Meneruskan upacara atau perbuatan yang telah diancam oleh Allah Ta’ala, berarti merugikan diri sendiri dengan serugi-ruginya. Sebaliknya menyudahi, menghentikan, bahkan mencegahnya dan bertaubat darinya, adalah perbuatan yang insya Allah mengakibatkan selamat di hadapan Allah Ta’ala kelak.

Orang yang bijaksana adalah orang yang mampu mengoreksi dirinya.

Dari Syaddad bin Aus dari Nabi Shallallahu 'alaihi wa Sallam beliau bersabda: "Orang yang cerdas adalah orang yang memperhitungkan dirinya dan beramal untuk hari setelah kematian, sedangkan orang yang bodoh adalah orang yang jiwanya mengikuti hawa nafsunya dan berangan-angan kepada Allah." (HR. At-Tirmidzi 2383, dia berkata: Hadits ini hasan, dan riwayat Ibnu Majah, dan Ahmad). 

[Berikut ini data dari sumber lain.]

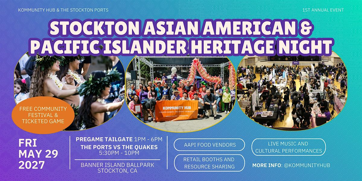 Kommunity Hub is BACK! Join us for an unforgettable afternoon at the ballpark as we kick off our 1st Annual Asian American Pacific Islander Heritage Night with the Stockton Ports!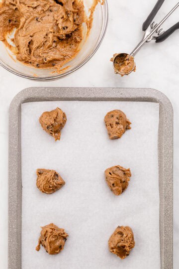 - Spoon the cookie dough onto the prepared cookie sheet, in 1 heaping tablespoon of cookie dough, spaced at least an inch apart.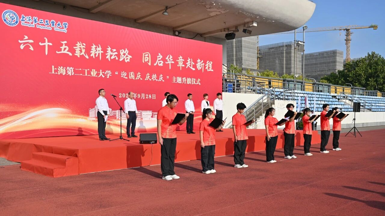为庆祝中华人民共和国成立76周年,庆祝学校建校65周年,9月28日清晨,学校在体育场举行了以“六十五载耕耘路 同启华章赴新程”为主题的升旗仪式。校领导,相关职能部门、各学院负责人、学生工作负责人,师生代表1400余人参加仪式。仪式由我校党委副书记吴沛东主持。

At-Tirmidzi berkata: Maksud sabda Nabi shallallaahu 'alaihi wasallam, "Orang yang memperhitungkan  dirinya" yaitu orang yang selalu mengoreksi dirinya pada waktu di dunia sebelum dihisab (diperhitungkan) pada hari Kiamat.

Apa yang dikemukakan ini agaknya serasi pula dengan unen-unen tiyang Jawititenono tembe mburine, bakal ngunduh wohing pakerti…  (waspadailah dan ingatlah akibat belakangnya, kelak akan mengunduh buah kelakuan…).  (kata-kata orang Jawa),

Jakarta, November 2010/ Dzulqa’dah 1431H

Nuwun (hormat saya)

 

Hartono Ahmad Jaiz

Penulis Buku Islam dan Al-Qur’an pun Diserang



[1] Sjamsudduha, Penyebaran dan Perkembangan Islam- Katolik- Protestan di Indonesia, Usaha Nasional, Surabaya, 1987, halaman 119.

[2] Ibid, halaman 167.

[3] Prof. Mr, AG. Pringgodigdo –Hassan Shadily MA, Ensiklopedi Umum, Penerbit Yayasan Kanisius, Yogyakarta, 1977, halaman 45.